Please give back the listing below word for word and drop any images.

--- SUPPLIED INFORMATION ---

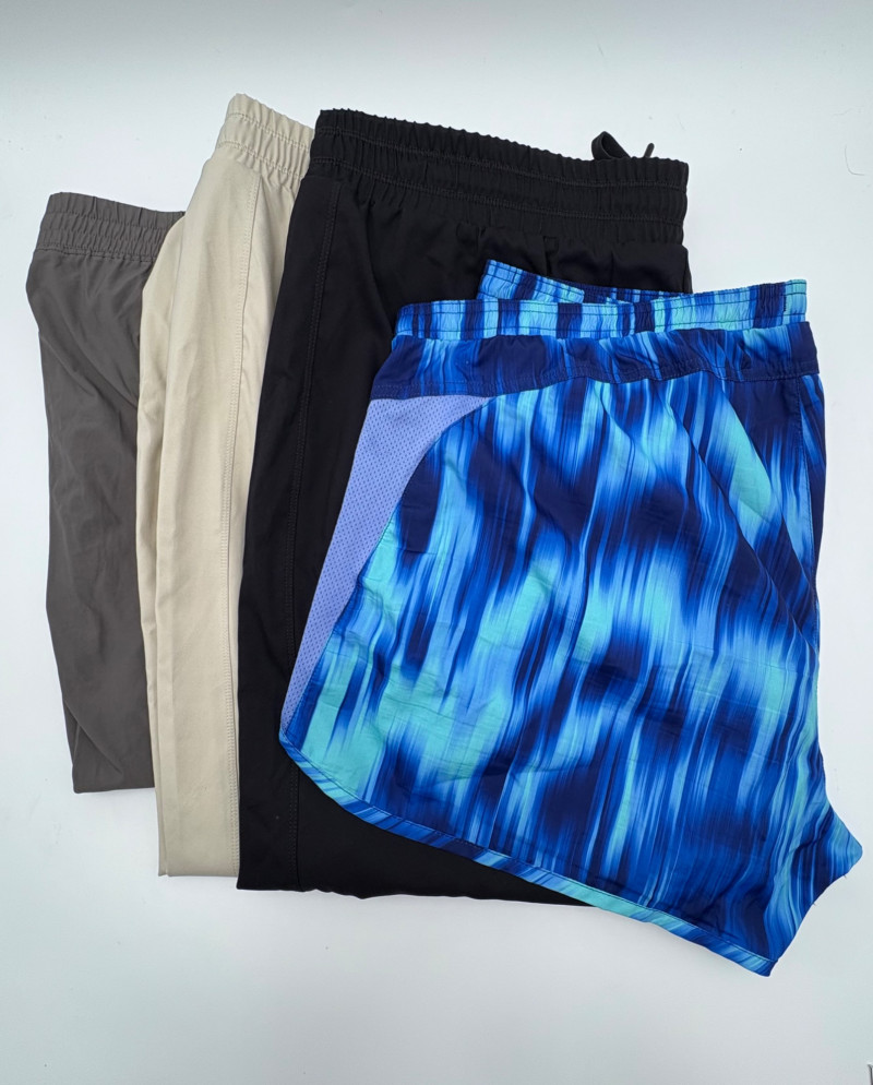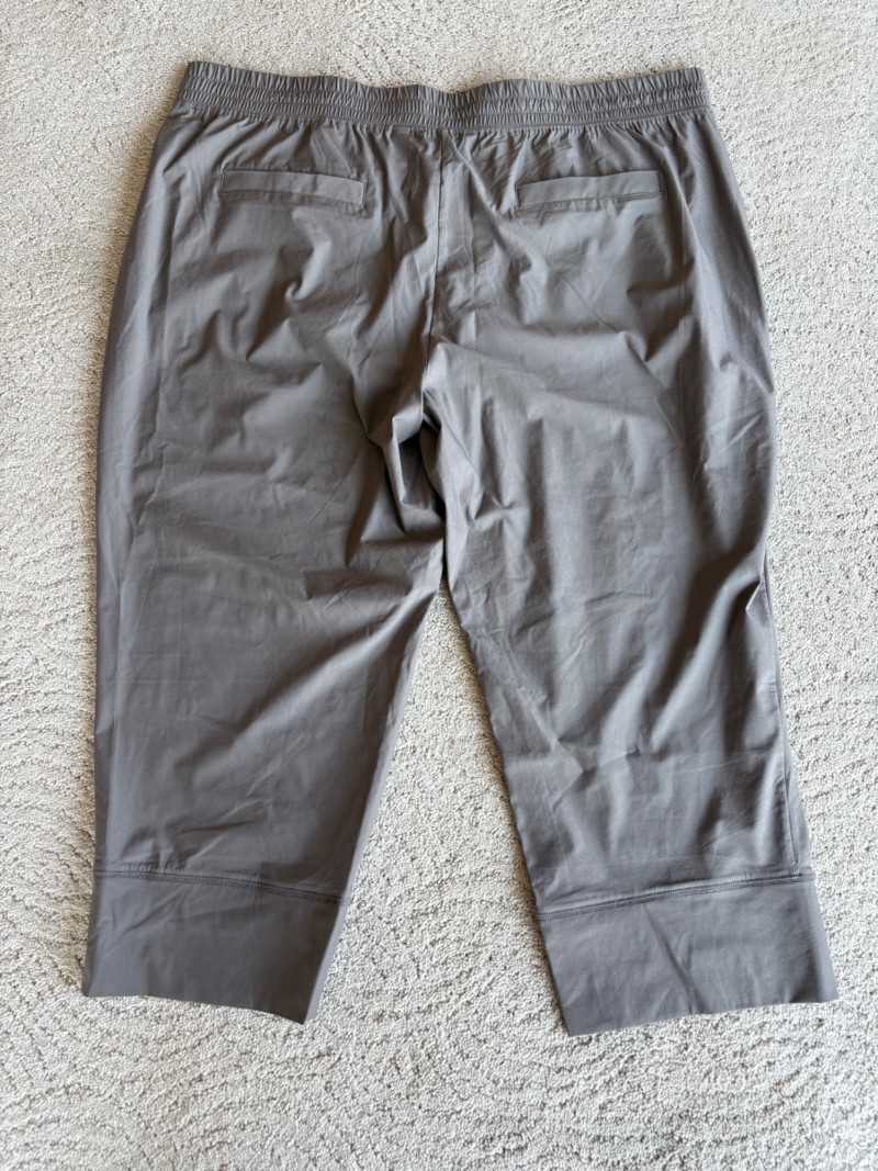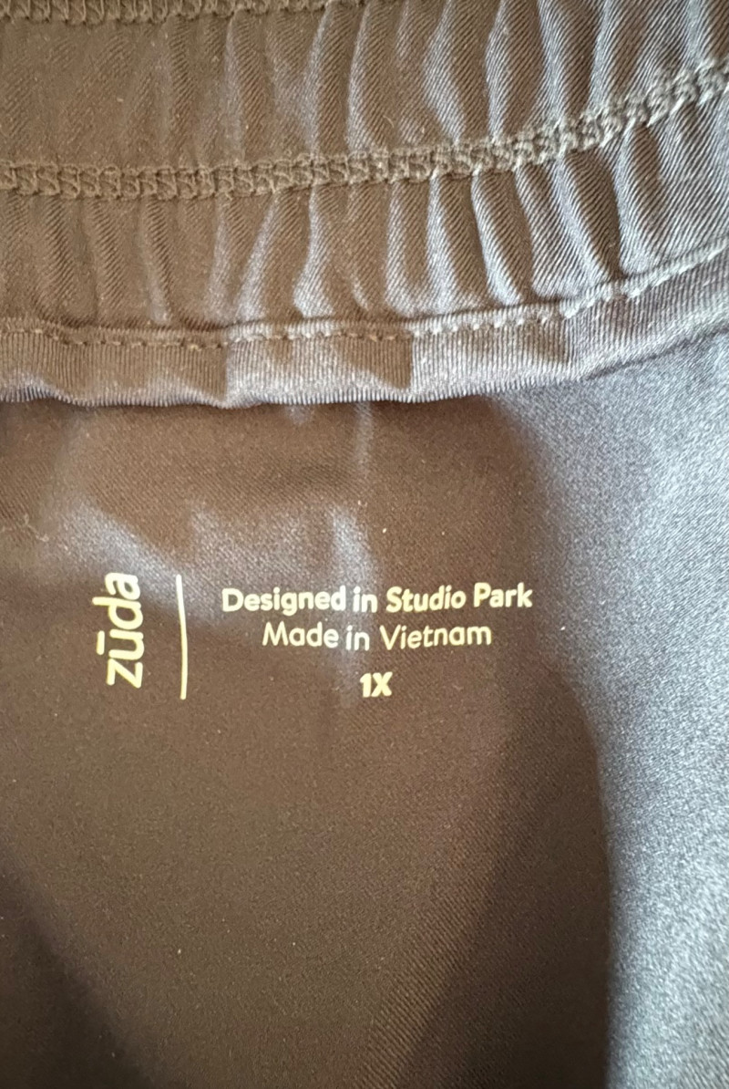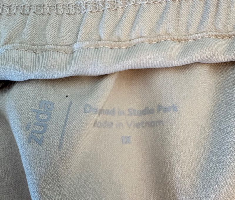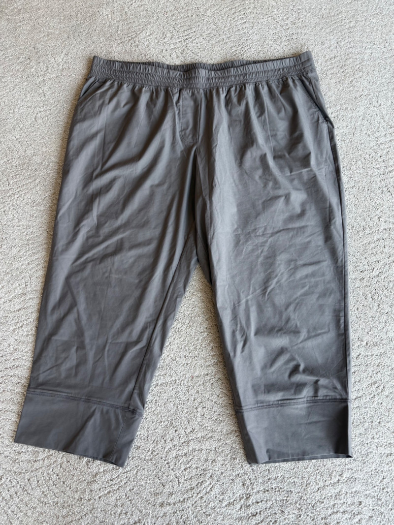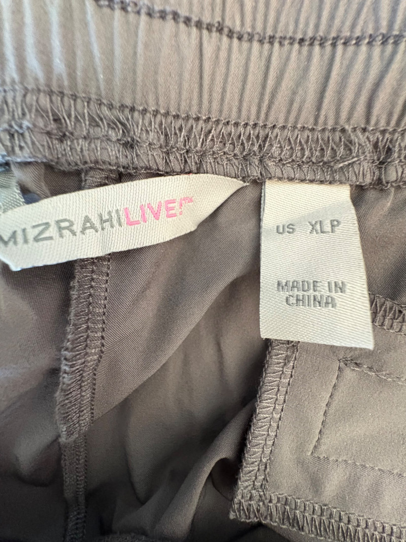 3 pairs of workout pants and 1 pair of shorts - all measure between 20" - 20.5" side to side at waist. Grey pants from Isaac Mizrahi are slightly cropped, have faux fly, elasticated waistband, set-in side pockets, back welt pockets, and wide banded hem. Nylon/spandex blend. Size tag says XLP. Cream pants from Zuda have elasticated waistband with drawstring, faux fly, front patch pockets with zip closure, and pieced inside knee areas. 100% polyester. Size tag says 1X/ Black pair from Zuda are identical to the cream pair except for color. Bright blue patterned shorts from Old Navy have interior panty, elasticated waist with drawstring, and mesh side insert. 100% polyester. Size tag says XL
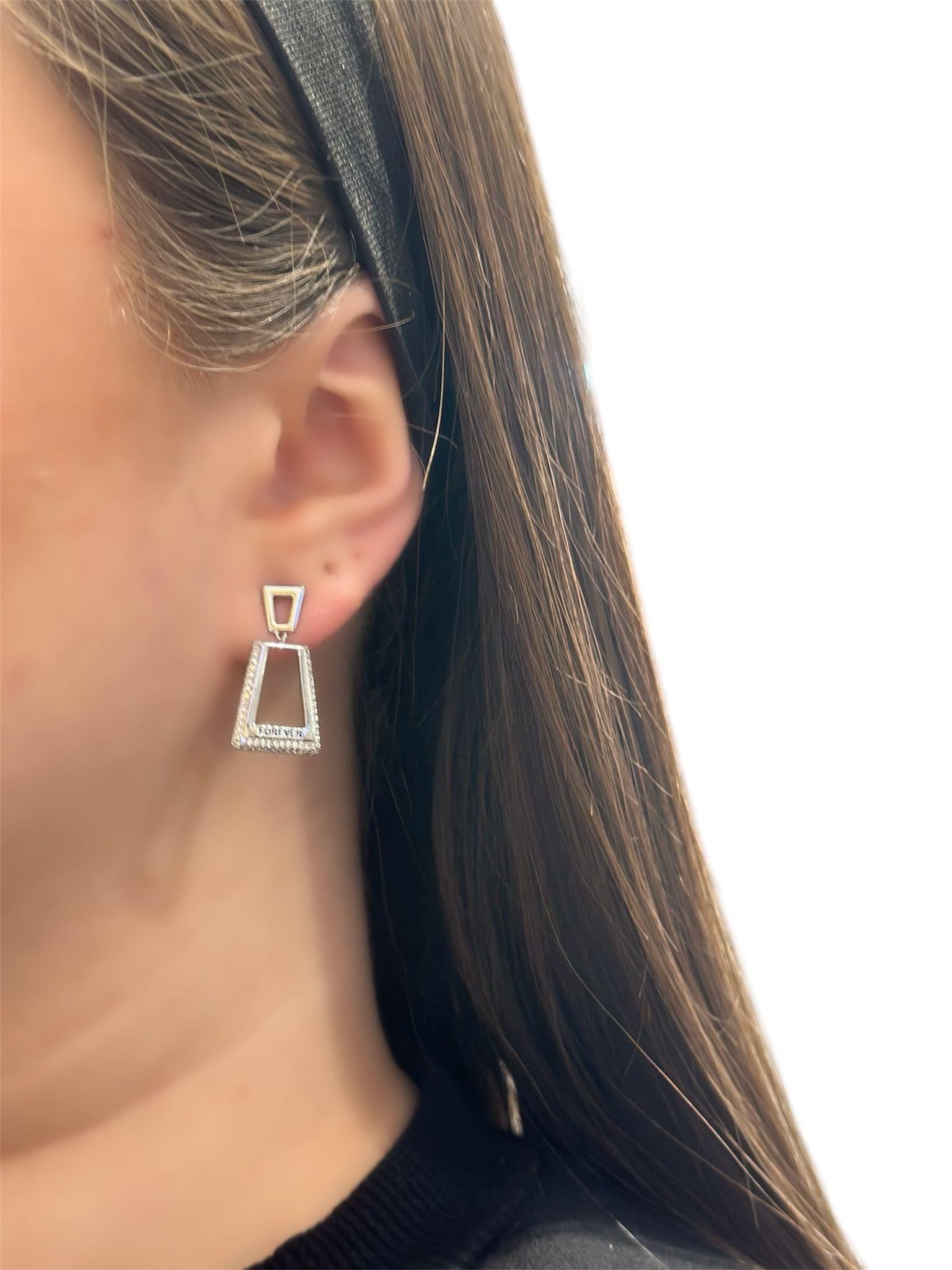 Zirkon Taş Detaylı Minimal Sallantılı Gümüş Kaplama Küpe
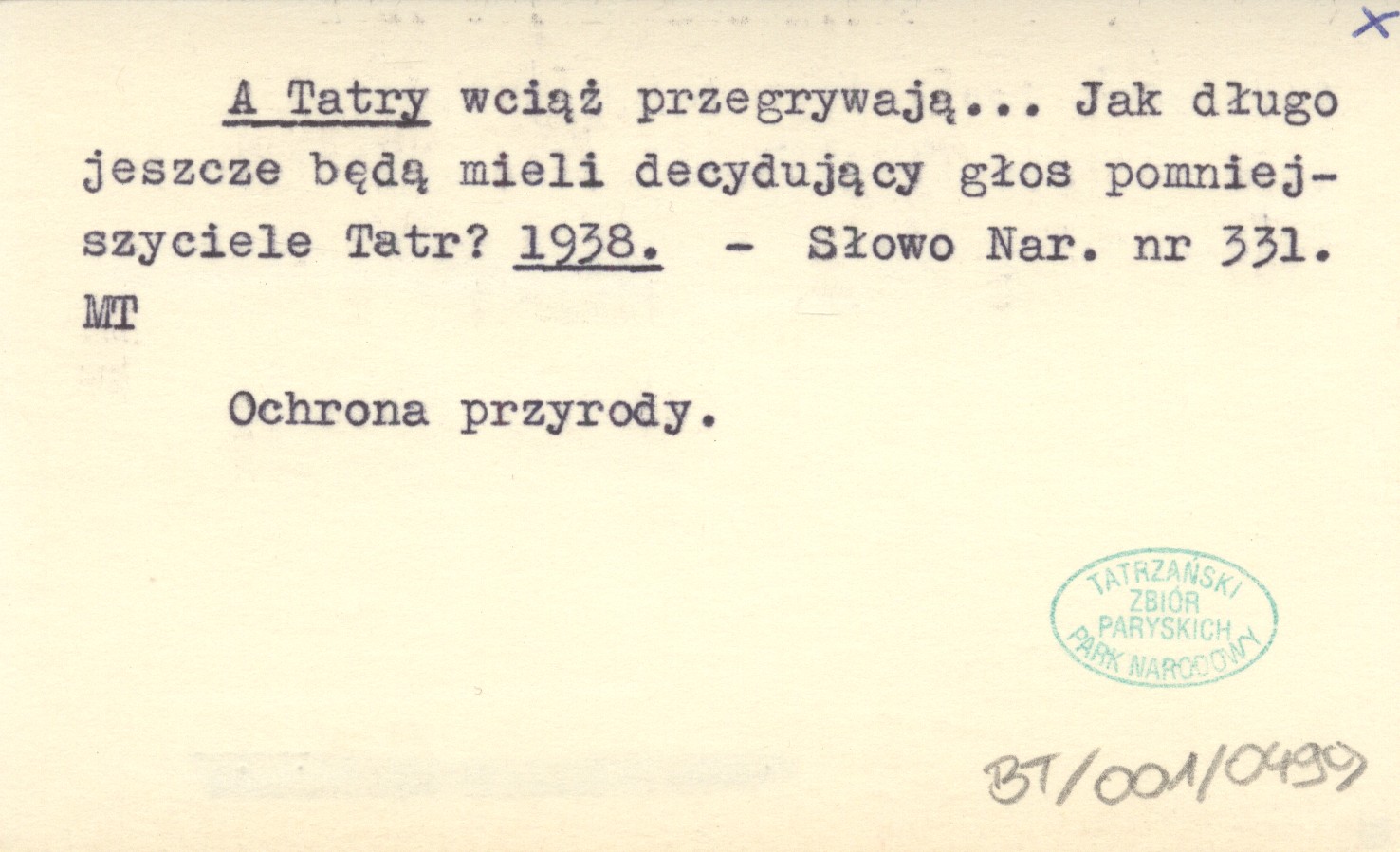 A Tatry wciąż przegrywają ... Jak długo jeszcze będą mieli decydujący głos pomniejszyciele Tatr? 1938

---

# YOUR SOLUTION
 3 pairs of workout pants and 1 pair of shorts - all measure between 20" - 20.5" side to side at waist. Grey pants from Isaac Mizrahi are slightly cropped, have faux fly, elasticated waistband, set-in side pockets, back welt pockets, and wide banded hem. Nylon/spandex blend. Size tag says XLP. Cream pants from Zuda have elasticated waistband with drawstring, faux fly, front patch pockets with zip closure, and pieced inside knee areas. 100% polyester. Size tag says 1X/ Black pair from Zuda are identical to the cream pair except for color. Bright blue patterned shorts from Old Navy have interior panty, elasticated waist with drawstring, and mesh side insert. 100% polyester. Size tag says XL
 Zirkon Taş Detaylı Minimal Sallantılı Gümüş Kaplama Küpe
 A Tatry wciąż przegrywają ... Jak długo jeszcze będą mieli decydujący głos pomniejszyciele Tatr? 1938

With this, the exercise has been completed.